Kazuki1450/Qwen3-1.7B-Base_csum_6_10_tok_aligned_1p0_0p0_1p0_grpo_42_rule
TEXT GENERATIONConcurrency Cost:1Model Size:2BQuant:BF16Ctx Length:32kPublished:Jan 12, 2026Architecture:Transformer Cold

Kazuki1450/Qwen3-1.7B-Base_csum_6_10_tok_aligned_1p0_0p0_1p0_grpo_42_rule is a 2 billion parameter language model, fine-tuned from Qwen/Qwen3-1.7B-Base. This model utilizes the GRPO method, as introduced in the DeepSeekMath paper, to enhance its capabilities. With a context length of 40960 tokens, it is specifically optimized for tasks requiring advanced mathematical reasoning.

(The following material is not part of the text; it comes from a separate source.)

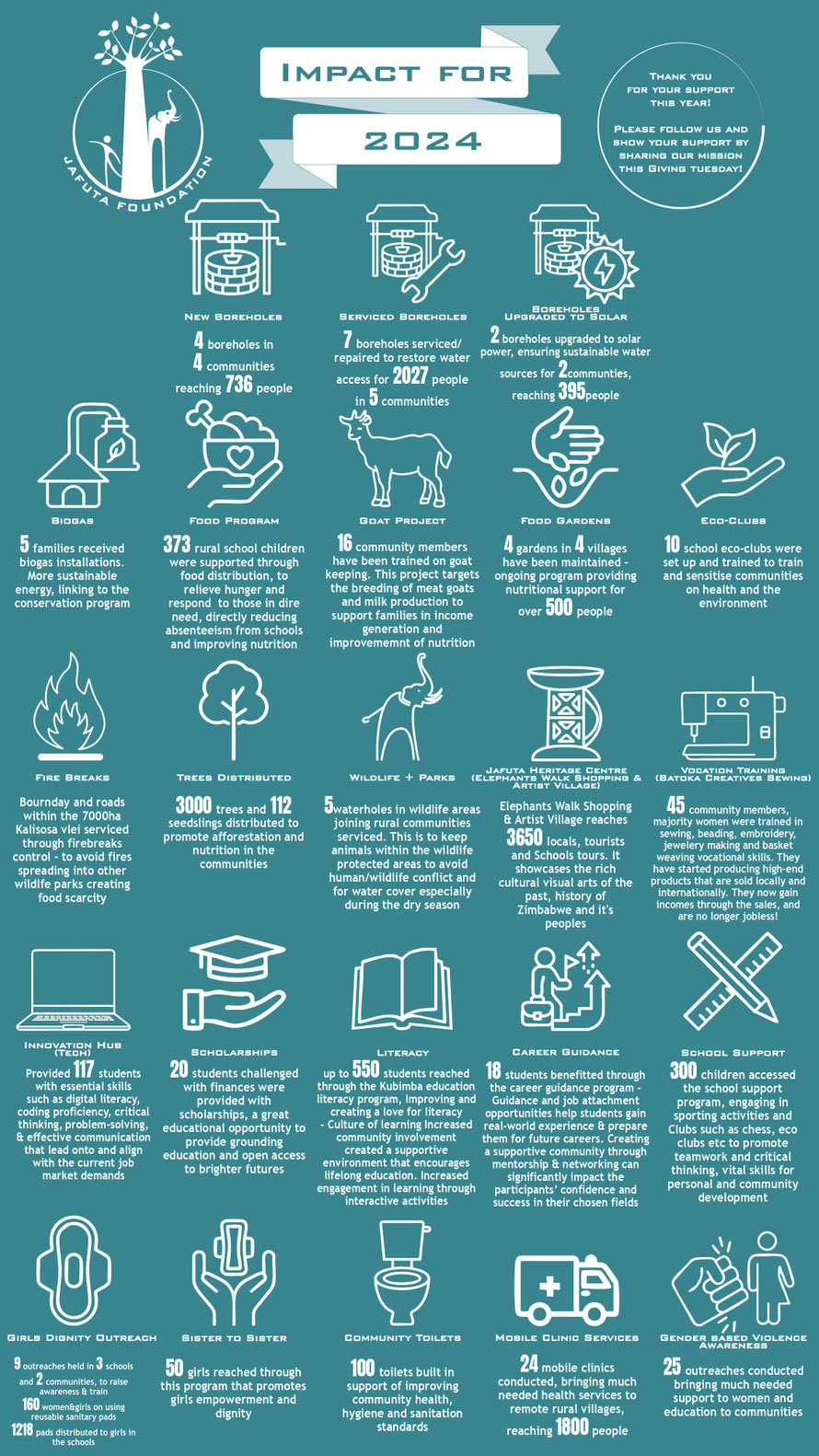 These are just some of the rural community works we have undertaken in this year alone, but most importantly of all, together with you, we create Hope. We give Hope where there was none before and this is thanks to you - the incredible support base and friends of the Jafuta Foundation!

Its training methodology suggests a focus on improving numerical and logical problem-solving within open language models.

Loading preview...

Model Overview

This model, developed by Kazuki1450, is a fine-tuned variant of the Qwen3-1.7B-Base architecture, featuring approximately 2 billion parameters and a substantial context length of 40960 tokens. Its development leveraged the TRL framework for training.

Key Capabilities

  • Mathematical Reasoning: The model's training incorporates the GRPO (Gradient-based Reward Policy Optimization) method, a technique highlighted in the "DeepSeekMath" paper for pushing the limits of mathematical reasoning in open language models. This suggests an enhanced ability to process and solve complex mathematical problems.
  • Base Model Enhancement: It builds upon the foundational capabilities of the Qwen3-1.7B-Base model, implying a strong general language understanding and generation base, now specialized for mathematical tasks.

Training Details

The model was trained using the TRL (Transformer Reinforcement Learning) framework, with specific versions of TRL (0.23.0), Transformers (4.57.1), PyTorch (2.7.1+cu128), Datasets (4.4.1), and Tokenizers (0.22.1) utilized during its development. The application of GRPO is a central aspect of its fine-tuning process, aiming to improve performance in areas related to mathematical and logical problem-solving.